[24] Jalan yang Terhenti

27.3K 3.3K 76
                                    

Dylan tidak pernah ragu ketika mengerjakan soal matematika tingkat tinggi. Bahkan ujian bahasa asing di sekolah pun bisa diselesaikannya dengan mudah. Namun, kali ini, hanya dengan melihat tulisan "Formulir Rencana Pendidikan dan Karier" yang tercetak tebal di bagian atas, Dylan sudah beberapa kali menghela napas. Di SMA Pramulia, semua murid harus sudah bisa menentukan rencana pendidikan lanjutannya saat kelas 11. Ini dimaksudkan agar guru-guru bisa mengarahkan dan memberi tips lebih dalam untuk mereka.

Kalau formulir ini diberikan satu minggu yang lalu, Dylan mungkin sudah mengisi seluruh kolom tanpa ragu. Ia akan memilih Australia sebagai negara tujuan pendidikan lanjutannya, serta menuliskan nama University of Sydney jurusan Bisnis di kolom "universitas dan jurusan". Rencana itu sudah disusun sejak lama oleh Papa. Ia berharap, Dylan akan mendapat perhatian lebih karena Kakek juga merupakan lulusan terbaik universitas tersebut.

Namun kali ini, bahkan kata "Australia" tidak muncul di benak Dylan. Pikirannya masih mengawang, dan jiwanya pun sedang kebingungan. Meja belajar ini terasa lebih dingin dari biasanya. Kesunyian kamar Dylan hanya membuat dirinya makin tidak bisa berpikir.

["Just be yourself, lah."]

Diri sendiri? Gue bahkan nggak tahu gue ini apa.

["You have to be what you wanna be."]

Apa yang gue inginkan?

Dylan mendesah panjang dan melepaskan kacamatanya. Ia pun mendongakkan kepala, menatap langit-langit kamar yang berwarna kelabu. Mata itu hanya fokus pada cahaya lampu di sana, berharap itu bisa membawa pikirannya ke sebuah titik terang. Entah kapan terakhir kali Dylan merasa ragu untuk memilih. Sudah sangat lama sejak Dylan diberi kesempatan untuk memilih jalannya.

Mata Dylan terasa perih karena terlalu lama melihat cahaya lampu. Memijit pangkal hidungnya, Dylan kembali memakai kacamata dan mulai mengambil satu buku latihan soal yang terletak di antara buku-buku tentang pengembangan diri dan bisnis. Mungkin dengan mengerjakan soal, pikiran Dylan akan lebih fokus nanti. Ia melipat kembali formulir tersebut, lalu menyelipkannya di sela buku. Ia bisa mengisinya nanti di sekolah. Lagi pula formulir ini masih boleh dikumpulkan sampai minggu depan.

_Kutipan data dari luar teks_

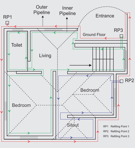 Termiticide Distribution System is a unique concept in the area of pest control for control of termites, successfully developed by us and a very cost effective infrastructure installation for the permanent solution for termite in upcoming building on preconstruction stage.
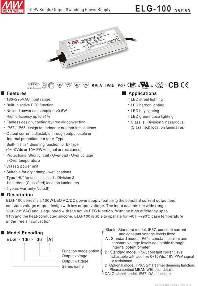 Constant voltage+constant current modes No load / Standby power consumption <0.5W Type HL LED Driver for use in Class I, Division 2 hazardous location luminaires Suitable for dry / damp / wet locations 5 years warranty
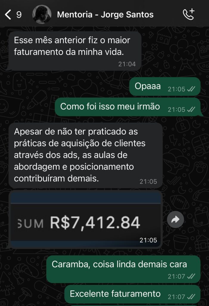 Faremos isso através do meu modelo comprovado de faturamento, sem que você precise depender de indicações, criar uma tonelada de conteúdo, fazer prospeção fria com quem não quer comprar de você, e sem precisar também montar equipe ou de uma mega-estrutura.
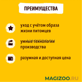 Полнорационный и сбалансированный корм с тщательно подобранным составом и необходимым комплексом питательных веществ поможет сохранить здоровье и активность Вашего питомца для достижения великих целей!
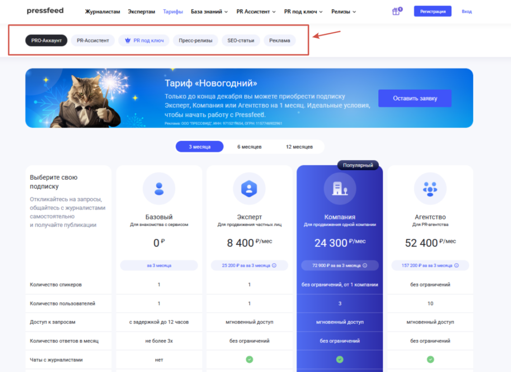 Доступ к PRO-аккаунту, услуги PR-ассистента, PR под ключ, SEO-статьи, рассылка пресс-релизов, реклама в Pressfeed.Журнале, соцсетях и рассылках, — все наши услуги собраны на единой странице с тарифами. Теперь не нужно искать информацию по сайту: переключайтесь между вкладками на панели и изучайте условия.
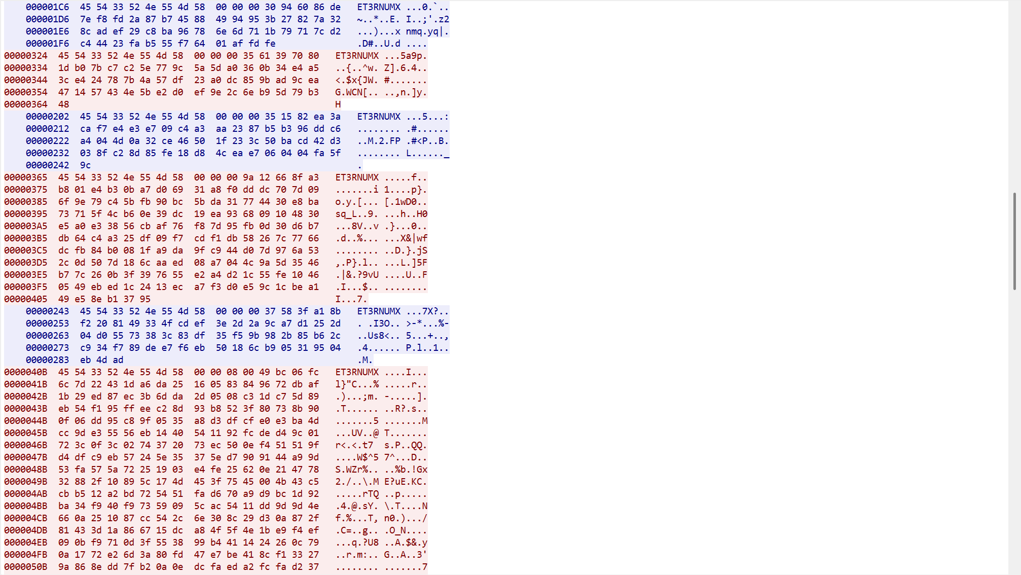 000002A0 45 54 33 52 4e 55 4d 58 00 00 00 78 fc 3d 80 84 ET3RNUMX ...x.=..
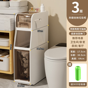 【17.5CM单侧扔纸口】缝隙垃圾收纳柜3层+30只垃圾袋♜

Satu per satu halaman Dylan buka untuk mencari kumpulan soal yang belum diselesaikannya. Dan, tiba-tiba Dylan berhenti membalik halaman. Jarinya bergerak untuk menyentuh goresan pensil mekanik di salah satu pojok halaman soal fisika. Itu adalah sebuah sketsa kepala Gundam yang penuh detail. Sepertinya Dylan tanpa sadar menggambar ini ketika jenuh mengerjakan soal.

Gambar kecil itu mengingatkan Dylan pada sesuatu. Ia pun mengambil kunci dari salah satu kantung tas sekolahnya lalu membuka laci kedua meja belajar yang terkunci. Tidak ada yang tahu kapan Papa akan memasuki kamar ini dan memeriksa seluruh barang milik Dylan. Hanya kunci laci itu yang satu-satunya Dylan sembunyikan.

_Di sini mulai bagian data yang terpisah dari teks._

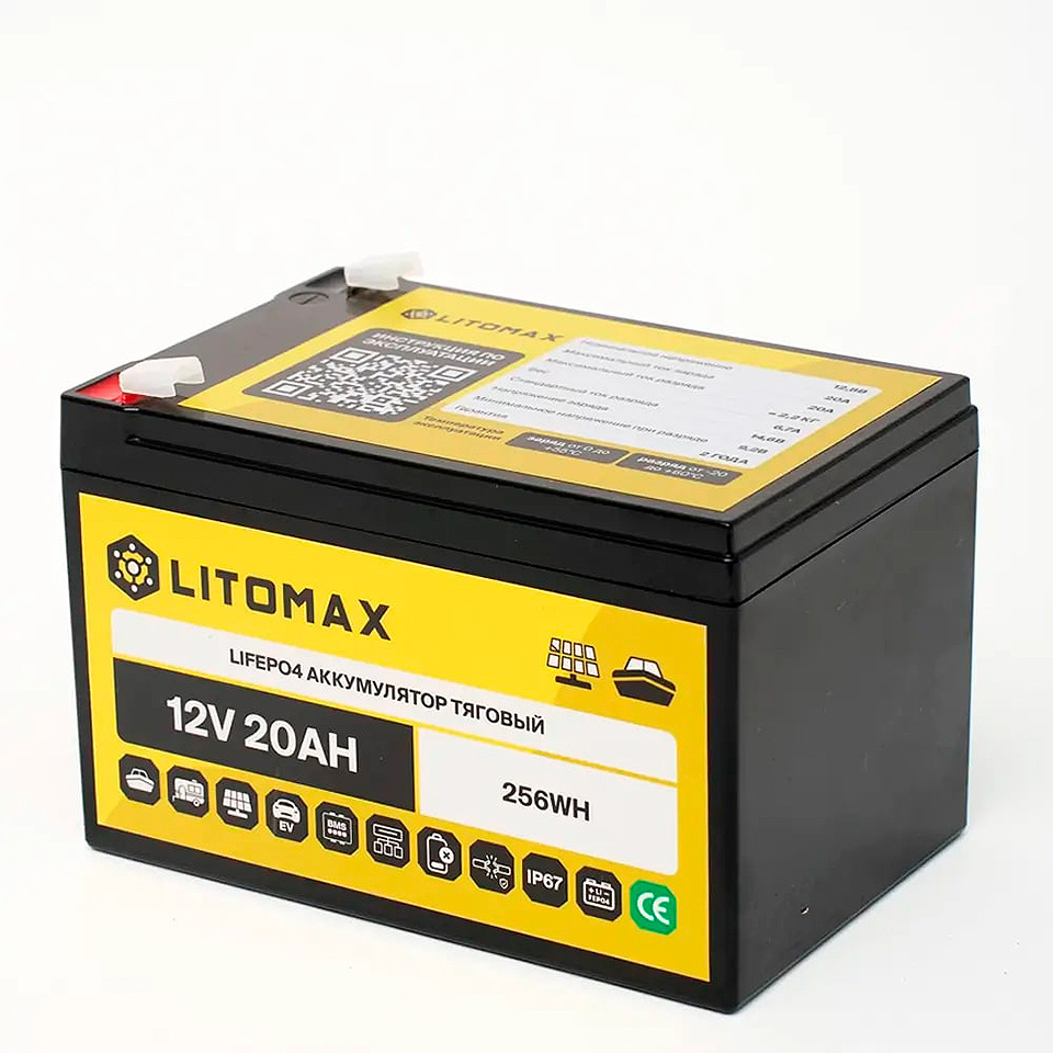 Литий железо-фосфатный аккумулятор (LiFePO4) тяговый LITOMAX с зарядным устройством 12В 2А, имеет напряжение 12 вольт, и ёмкость 20 Ач, предназначен для работы в глубоких циклах разряда и заряда. Не может быть использован для запуска ДВС. Относится к тяговым аккумуляторам.
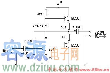 本電路是一個小的音頻放大器類似于一個小的晶體管收音機。輸入級可偏置電壓,使供應分在兩個互補輸出是略微偏導基地之間的二極管三極管平分。 3.3歐姆的電阻串聯(lián)使用,輸出晶體管的發(fā)射極穩(wěn)定的偏置電流,因此不
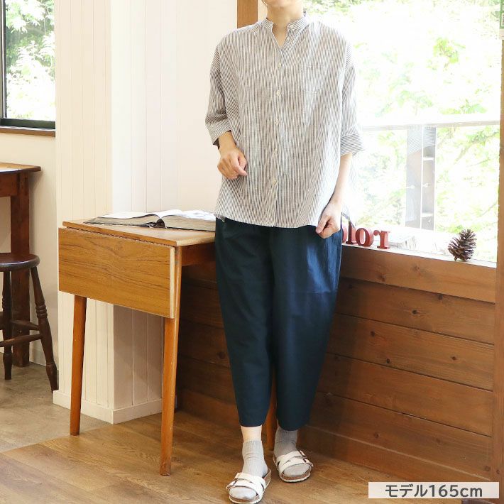 [rolca on the notes]オーガニックコットンストライプ七分袖シャツ
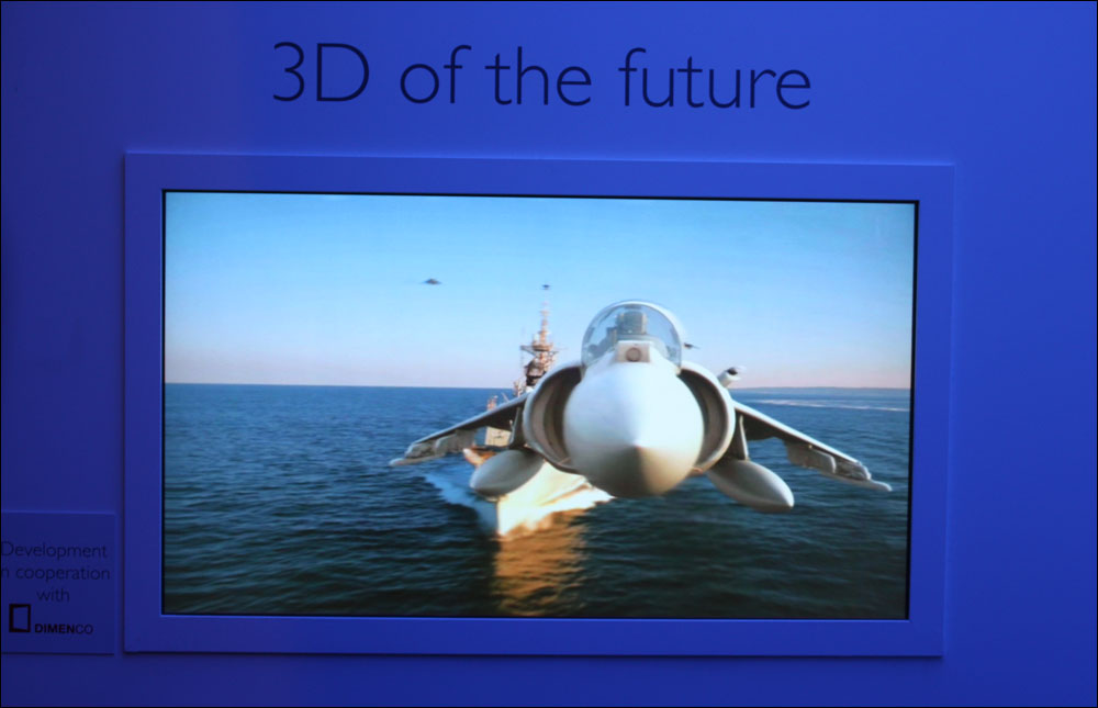 Så hvordan virker det? Tja, ikke særlig godt. Billedet er ufokuseret og detaljefattigt. Ud over, at man skal stå i den rigtige position foran skærmen, er 3D-dybden og 3D-illusionen også meget langt fra den vi ser på de nye 3DTV, der kræver 3D-briller. Faktisk vil jeg gå så langt til at sige, at jeg har svært ved at se nogen reel 3D-effekt på mange af klippene, ud over, at man godt kan fornemme, at der er nogle små dybdeforskelle. Omvendt virkede visse klip - f.eks. det med flyet herunder - nogenlunde, dog uden at være imponerende.Dimenco – som udvikler denne 3D-prototype for Philips – mener, at man kan have en model klar til forbrugerne allerede i 2013. Dimenco siger også, at vejen mod en forbrugermodel allerede er klar, men at skærmen skal lanceres til professionelt brug inden da. Philips prototype af en 3D-skærm uden 3D-briller er dog langt fra overbevisende. Vi kan hvert fald sige uden tøven, at 3D-skærme uden 3D-briller er ret langt fra at være en aktualitet med denne teknologi. Kvaliteten er hvert fald ikke særlig god endnu. Modellen har før været fremvist på messer, og personligt har jeg ikke set nogen større forbedringer år for år. Philips har også 3DTV på markedet, som kræver 3D-briller, ligesom de andre producenter. En af disse modeller er 8605H-serien.

Ia mencari sebuah buku tipis di antara buku-buku latihan soal yang tebal. Ia sengaja menyelipkan buku itu agar Papa tidak curiga kalau suatu waktu laci ini harus dibuka. Buku itu masih aman pada posisinya. Menariknya keluar, Dylan pun meletakkan buku itu di atas meja belajar.

Sepertinya sudah sangat lama sejak terakhir kali Dylan membuka buku ini. Mungkin ... saat kelas 7? Dari luar, buku ini memang tidak terlihat spesial. Itu hanya buku tipis dengan sampul hitam, tanpa tulisan atau hiasan apapun di sana. Namun, begitu dibuka, Dylan seolah dibawa ke masa lalunya yang penuh warna. Goresan pensilnya begitu nyata—tebal, tipis, teksturnya... Dylan merindukan masa itu.

Buku ini berisi kumpulan gambar hasil tangan Dylan. Dari gambar sederhana, sampai sketsa rumit pernah ia buat. Ya, memang belum bisa dikatakan sempurna, tapi bagi Dylan, buku ini adalah salah satu catatan sejarah hidupnya.